An estimated two out of five staff were not able to go to work as train services ground to a halt and roads were impassable, with police in some areas advising people not to travel unless it was absolutely necessary.
A survey of almost 1,000 employers found 38% of workers could not get to their office on Thursday morning and a further 43% were late arriving.
A third of the firms questioned by employment law firm Peninsula said they will send their staff home early on Thursday if the bad weather persists.
Peter Done, managing director of Peninsula, said: “Snowfall was the major issue yesterday, but the big problem for businesses today is the icy conditions left behind. Public transport such as buses and trains have been hit with major cancellations making it almost impossible for some workers to get into work this morning.”
Rail commuter routes into London were among the worst hit, with widespread cancellations of services and lengthy delays from area across the South East. Travellers who managed to make it into London suffered delays on London Underground after a series of signal failures and faulty trains hit services.
The TUC repeated its plea for as many people as possible to be allowed to work from home.
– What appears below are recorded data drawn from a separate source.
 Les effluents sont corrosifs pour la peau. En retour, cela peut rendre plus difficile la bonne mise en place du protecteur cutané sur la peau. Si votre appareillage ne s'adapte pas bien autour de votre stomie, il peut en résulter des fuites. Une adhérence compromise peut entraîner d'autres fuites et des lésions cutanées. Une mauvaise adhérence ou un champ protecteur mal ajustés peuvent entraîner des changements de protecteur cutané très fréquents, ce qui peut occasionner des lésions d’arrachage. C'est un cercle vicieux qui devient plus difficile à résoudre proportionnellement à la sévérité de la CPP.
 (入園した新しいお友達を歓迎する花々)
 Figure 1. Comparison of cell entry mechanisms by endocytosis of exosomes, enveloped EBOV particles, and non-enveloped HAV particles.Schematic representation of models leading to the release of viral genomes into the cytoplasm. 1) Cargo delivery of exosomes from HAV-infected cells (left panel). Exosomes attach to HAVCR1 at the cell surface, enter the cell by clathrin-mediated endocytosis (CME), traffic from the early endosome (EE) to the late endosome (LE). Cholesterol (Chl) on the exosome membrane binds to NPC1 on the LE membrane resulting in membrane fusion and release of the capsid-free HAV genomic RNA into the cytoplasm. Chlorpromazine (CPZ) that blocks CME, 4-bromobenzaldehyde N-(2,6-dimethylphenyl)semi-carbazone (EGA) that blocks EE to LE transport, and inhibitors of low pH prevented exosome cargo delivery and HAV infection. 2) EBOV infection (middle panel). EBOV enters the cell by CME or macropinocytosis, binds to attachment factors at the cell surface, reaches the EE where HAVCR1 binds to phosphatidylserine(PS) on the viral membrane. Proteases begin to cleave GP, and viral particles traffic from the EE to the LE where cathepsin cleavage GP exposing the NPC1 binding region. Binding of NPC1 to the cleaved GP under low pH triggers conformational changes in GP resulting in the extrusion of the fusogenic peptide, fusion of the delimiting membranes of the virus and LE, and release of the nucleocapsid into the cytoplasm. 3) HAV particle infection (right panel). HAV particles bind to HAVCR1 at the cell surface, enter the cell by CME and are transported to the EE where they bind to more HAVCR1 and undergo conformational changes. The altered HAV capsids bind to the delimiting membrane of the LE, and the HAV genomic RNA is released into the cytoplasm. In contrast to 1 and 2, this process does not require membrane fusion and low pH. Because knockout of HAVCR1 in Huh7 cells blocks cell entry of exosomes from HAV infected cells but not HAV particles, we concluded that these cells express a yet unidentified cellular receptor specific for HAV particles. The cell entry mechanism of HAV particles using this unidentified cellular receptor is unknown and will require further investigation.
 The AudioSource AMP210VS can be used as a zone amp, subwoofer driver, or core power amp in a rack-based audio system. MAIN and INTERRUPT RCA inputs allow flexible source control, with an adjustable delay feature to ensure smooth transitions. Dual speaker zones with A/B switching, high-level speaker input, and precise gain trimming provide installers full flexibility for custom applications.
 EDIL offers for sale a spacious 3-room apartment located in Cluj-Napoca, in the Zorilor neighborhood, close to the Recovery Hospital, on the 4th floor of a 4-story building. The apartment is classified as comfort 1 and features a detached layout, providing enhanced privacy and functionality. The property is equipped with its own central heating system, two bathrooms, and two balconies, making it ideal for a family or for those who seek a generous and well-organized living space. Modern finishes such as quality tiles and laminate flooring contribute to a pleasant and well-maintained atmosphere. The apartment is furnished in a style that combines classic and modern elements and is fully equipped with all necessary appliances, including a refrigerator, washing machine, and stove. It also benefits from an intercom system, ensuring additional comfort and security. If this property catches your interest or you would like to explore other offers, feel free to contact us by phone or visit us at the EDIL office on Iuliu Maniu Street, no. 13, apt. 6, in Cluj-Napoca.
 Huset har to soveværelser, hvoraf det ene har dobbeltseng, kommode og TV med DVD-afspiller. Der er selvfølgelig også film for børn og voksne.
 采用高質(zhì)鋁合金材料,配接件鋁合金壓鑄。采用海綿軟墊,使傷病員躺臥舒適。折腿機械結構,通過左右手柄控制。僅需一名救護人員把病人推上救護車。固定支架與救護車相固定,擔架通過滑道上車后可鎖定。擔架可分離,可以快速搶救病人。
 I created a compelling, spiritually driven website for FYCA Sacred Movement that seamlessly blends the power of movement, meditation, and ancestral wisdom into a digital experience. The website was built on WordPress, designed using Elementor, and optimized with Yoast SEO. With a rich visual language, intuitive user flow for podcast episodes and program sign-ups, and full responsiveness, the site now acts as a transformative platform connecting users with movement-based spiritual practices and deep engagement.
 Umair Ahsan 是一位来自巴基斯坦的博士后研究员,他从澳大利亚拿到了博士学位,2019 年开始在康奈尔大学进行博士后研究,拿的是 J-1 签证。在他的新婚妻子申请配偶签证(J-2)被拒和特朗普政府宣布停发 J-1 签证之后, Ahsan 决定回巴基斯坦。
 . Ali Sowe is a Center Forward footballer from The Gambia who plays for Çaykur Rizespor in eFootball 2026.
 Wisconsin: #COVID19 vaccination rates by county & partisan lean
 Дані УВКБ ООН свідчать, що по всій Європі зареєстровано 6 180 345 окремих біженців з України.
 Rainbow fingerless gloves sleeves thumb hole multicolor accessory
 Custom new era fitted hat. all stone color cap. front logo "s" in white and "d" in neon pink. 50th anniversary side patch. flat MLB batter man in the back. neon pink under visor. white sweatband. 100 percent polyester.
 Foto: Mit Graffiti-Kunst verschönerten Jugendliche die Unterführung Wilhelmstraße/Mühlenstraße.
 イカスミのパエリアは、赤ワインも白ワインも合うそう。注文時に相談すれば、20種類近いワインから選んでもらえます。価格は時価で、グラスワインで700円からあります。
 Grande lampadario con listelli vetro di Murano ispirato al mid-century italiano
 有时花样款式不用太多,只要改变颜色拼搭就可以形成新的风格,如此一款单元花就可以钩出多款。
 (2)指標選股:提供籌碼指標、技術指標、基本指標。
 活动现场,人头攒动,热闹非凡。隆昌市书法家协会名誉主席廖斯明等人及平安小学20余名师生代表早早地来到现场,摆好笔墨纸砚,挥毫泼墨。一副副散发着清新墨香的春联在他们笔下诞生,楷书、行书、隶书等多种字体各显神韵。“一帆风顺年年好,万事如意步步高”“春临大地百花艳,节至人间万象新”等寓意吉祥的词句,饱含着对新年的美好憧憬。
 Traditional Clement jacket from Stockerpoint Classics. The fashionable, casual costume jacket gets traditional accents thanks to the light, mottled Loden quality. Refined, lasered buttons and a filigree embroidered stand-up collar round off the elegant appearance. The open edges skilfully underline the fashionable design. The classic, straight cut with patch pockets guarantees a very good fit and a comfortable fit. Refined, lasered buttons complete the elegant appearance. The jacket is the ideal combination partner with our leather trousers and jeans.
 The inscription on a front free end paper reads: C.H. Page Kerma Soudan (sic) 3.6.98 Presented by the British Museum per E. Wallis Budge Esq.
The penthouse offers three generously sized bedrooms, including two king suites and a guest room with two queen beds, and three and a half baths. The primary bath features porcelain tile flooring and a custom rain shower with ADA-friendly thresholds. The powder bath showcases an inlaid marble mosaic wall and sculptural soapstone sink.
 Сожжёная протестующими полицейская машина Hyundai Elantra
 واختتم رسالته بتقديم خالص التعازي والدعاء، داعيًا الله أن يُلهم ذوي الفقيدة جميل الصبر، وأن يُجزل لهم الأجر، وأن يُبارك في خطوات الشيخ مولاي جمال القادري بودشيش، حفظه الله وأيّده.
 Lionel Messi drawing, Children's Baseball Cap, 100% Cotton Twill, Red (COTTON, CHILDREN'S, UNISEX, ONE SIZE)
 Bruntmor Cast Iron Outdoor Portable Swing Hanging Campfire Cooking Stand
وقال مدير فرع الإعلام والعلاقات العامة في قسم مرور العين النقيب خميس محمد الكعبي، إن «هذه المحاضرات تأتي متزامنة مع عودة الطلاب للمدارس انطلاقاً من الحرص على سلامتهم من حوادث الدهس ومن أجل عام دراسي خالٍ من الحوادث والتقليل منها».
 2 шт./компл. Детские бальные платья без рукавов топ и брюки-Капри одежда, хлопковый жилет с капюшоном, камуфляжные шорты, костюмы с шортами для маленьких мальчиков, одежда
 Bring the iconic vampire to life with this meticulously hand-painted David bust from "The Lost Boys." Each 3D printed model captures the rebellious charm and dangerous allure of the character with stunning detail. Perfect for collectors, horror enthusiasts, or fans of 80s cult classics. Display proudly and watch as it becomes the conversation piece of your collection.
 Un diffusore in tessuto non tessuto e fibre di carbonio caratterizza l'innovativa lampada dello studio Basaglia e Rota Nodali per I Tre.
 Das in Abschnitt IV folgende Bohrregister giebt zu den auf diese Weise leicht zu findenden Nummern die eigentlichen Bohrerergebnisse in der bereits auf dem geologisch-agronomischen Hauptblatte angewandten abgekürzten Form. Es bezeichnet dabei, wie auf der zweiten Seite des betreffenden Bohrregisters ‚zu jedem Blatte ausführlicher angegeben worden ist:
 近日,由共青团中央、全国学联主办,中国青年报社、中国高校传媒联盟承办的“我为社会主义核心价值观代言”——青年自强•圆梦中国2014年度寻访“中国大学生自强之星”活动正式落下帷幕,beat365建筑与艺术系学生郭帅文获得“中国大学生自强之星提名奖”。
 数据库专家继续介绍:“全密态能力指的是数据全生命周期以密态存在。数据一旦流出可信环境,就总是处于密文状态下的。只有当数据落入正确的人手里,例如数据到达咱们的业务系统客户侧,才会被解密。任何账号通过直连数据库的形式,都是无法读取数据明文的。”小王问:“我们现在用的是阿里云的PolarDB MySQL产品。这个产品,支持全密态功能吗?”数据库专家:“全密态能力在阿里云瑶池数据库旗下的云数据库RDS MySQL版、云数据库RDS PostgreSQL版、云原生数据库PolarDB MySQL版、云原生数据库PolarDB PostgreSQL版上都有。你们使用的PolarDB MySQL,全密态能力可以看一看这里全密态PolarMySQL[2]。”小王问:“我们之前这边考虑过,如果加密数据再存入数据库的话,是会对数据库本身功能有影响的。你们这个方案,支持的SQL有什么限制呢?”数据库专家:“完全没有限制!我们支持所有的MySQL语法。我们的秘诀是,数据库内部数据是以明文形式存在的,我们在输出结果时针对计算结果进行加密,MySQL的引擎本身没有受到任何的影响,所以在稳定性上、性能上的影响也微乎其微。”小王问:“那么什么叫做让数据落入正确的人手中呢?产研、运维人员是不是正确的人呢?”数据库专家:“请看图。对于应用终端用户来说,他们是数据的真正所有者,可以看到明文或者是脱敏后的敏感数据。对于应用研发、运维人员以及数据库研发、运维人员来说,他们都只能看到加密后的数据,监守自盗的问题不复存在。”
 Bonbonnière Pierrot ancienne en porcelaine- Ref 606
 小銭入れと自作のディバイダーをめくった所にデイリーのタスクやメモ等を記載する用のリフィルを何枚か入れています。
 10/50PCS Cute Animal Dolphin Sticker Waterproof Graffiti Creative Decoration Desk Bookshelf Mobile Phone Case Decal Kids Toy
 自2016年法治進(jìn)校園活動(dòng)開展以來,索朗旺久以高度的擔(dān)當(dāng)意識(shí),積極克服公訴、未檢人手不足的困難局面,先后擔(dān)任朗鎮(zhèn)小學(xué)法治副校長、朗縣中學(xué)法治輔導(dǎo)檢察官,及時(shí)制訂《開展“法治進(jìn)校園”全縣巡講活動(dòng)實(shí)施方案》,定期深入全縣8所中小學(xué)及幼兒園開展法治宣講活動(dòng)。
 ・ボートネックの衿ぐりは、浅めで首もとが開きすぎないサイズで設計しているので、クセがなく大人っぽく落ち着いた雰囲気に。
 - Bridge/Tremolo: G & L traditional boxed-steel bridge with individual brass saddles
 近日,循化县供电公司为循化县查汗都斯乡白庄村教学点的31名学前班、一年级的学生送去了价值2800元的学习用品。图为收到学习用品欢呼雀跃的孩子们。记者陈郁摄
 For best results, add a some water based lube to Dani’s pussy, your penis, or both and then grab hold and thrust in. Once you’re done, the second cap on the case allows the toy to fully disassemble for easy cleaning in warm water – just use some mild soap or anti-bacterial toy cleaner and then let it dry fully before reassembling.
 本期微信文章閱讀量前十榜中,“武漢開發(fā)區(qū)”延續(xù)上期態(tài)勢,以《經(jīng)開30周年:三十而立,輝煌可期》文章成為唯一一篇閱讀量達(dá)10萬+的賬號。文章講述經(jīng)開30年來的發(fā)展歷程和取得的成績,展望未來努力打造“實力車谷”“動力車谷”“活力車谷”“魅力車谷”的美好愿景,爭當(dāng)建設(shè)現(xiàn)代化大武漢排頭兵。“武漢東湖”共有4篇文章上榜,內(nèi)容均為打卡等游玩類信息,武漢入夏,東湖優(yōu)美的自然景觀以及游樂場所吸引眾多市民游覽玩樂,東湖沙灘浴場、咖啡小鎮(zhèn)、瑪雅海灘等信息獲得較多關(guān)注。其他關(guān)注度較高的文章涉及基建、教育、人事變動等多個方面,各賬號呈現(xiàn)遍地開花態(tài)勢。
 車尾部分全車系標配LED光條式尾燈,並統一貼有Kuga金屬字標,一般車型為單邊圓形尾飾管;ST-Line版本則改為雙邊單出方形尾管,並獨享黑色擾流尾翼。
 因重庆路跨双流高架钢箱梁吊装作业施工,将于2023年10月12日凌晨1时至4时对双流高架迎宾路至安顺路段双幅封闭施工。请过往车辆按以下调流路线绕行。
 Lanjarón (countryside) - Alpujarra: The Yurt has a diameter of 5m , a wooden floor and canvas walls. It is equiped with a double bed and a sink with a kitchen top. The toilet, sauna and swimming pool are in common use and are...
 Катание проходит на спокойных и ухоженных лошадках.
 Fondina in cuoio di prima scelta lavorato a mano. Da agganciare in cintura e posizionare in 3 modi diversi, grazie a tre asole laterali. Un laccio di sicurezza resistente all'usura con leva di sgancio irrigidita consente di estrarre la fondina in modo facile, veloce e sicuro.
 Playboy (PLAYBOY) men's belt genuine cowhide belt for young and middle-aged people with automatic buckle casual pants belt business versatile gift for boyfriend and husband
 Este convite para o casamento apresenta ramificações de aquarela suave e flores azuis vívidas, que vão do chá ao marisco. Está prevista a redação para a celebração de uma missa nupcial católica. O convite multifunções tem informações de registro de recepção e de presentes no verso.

TUC general secretary Brendan Barber said: “In many parts of the country the advice from the police is not to travel unless journeys are absolutely necessary. Workers everywhere have been braving the snow and ice to get into work, but where the weather makes someone’s usual commute unsafe, or where working parents find themselves with children but with no childcare, a more sensible approach is needed.”
John Walker, chairman of the Federation of Small Businesses, said: “Small businesses have been particularly hard-hit because of the bad weather, with staff unable to make it to work due to snow-bound roads and school closures which meant that parents have to stay at home to look after their children. We are disappointed that we still haven’t learnt the lessons from previous bad weather and that the country has yet again ground to a halt.
“We know that small firms are resilient and resourceful by putting plans in place and offering flexible working hours. It is small businesses that come to the aid of local communities in difficult times, but it is essential that this early and prolonged period of severe weather does not catch out local authorities and they must ensure they are prepared in case it continues into next year.”